Background
Desportes was born in Champigneulle, Ardennes.
Desportes was born in Champigneulle, Ardennes.
He studied in Paris, in the studio of the Flemish painter Nicasius Bernaerts, a pupil of Frans Snyders.
During a brief soujourn in Poland, 1695-1696, he painted portraits of John III Sobieski and Polish aristocrats. After the king"s death Desportes returned to Paris, convinced that he should specialise in animals and flowers. He was received by the Académie de peinture et de sculpture in 1699, with the Self-Portrait in Hunting Dress now in the Musée du Louvre.
In 1712-1713 he spent six months in England.
He received many commissions for decorative panels for the royal châteaux: Versailles, Marly, Meudon, Compiègne and, his last royal commission, for Louis XV at Choisy, 1742. He also did decorative paintings for the duc de Bourbon at Chantilly.
Desportes would follow the royal hunt with a small notebook he carried to make on-site sketches for still lives of the game that resulted from the day"s hunt, for the king to make a choice of which were to be worked up into finished paintings. In several paintings he combined game with a buffet of spectacular pieces of silver as they might be displayed in a dining room.
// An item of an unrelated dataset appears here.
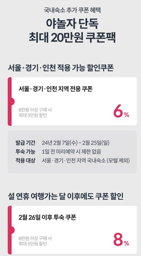 야놀자에서는 3만 원 쿠폰 지급 이외에 참여고객 혜택으로 야놀자 1만 코인 페이백, 고속버스 할인쿠폰, 서울-경기-인천 투숙객들을 위해 전용쿠폰 발급, 2월 26일 1차 행사 종료 이후에도 사용할 수 있는 쿠폰등 다양한 혜택을 드리고 있으니 자세한 내용은 아래에서 확인하시길 바랍니다.

These are precious documents of the lost silver of the reign of Louis XIV. His details of trophies of game or animals were used in cartoons for tapestry in which work of several painters was combined, woven at the Savonnerie and at the Gobelins (Portière de Diane, Louvre).
Foreign the Gobelins he designed the series of tapestries called Les Nouvelles Indes. In 1784, the comte d"Angiviller, general director of the Bâtiments du Roi acquired these resources for painter"s models at the manufactory of Sèvres porcelain, so that Desportes" influence in the iconography of French arts extended almost throughout the century.
Académie royale de peinture et de sculpture.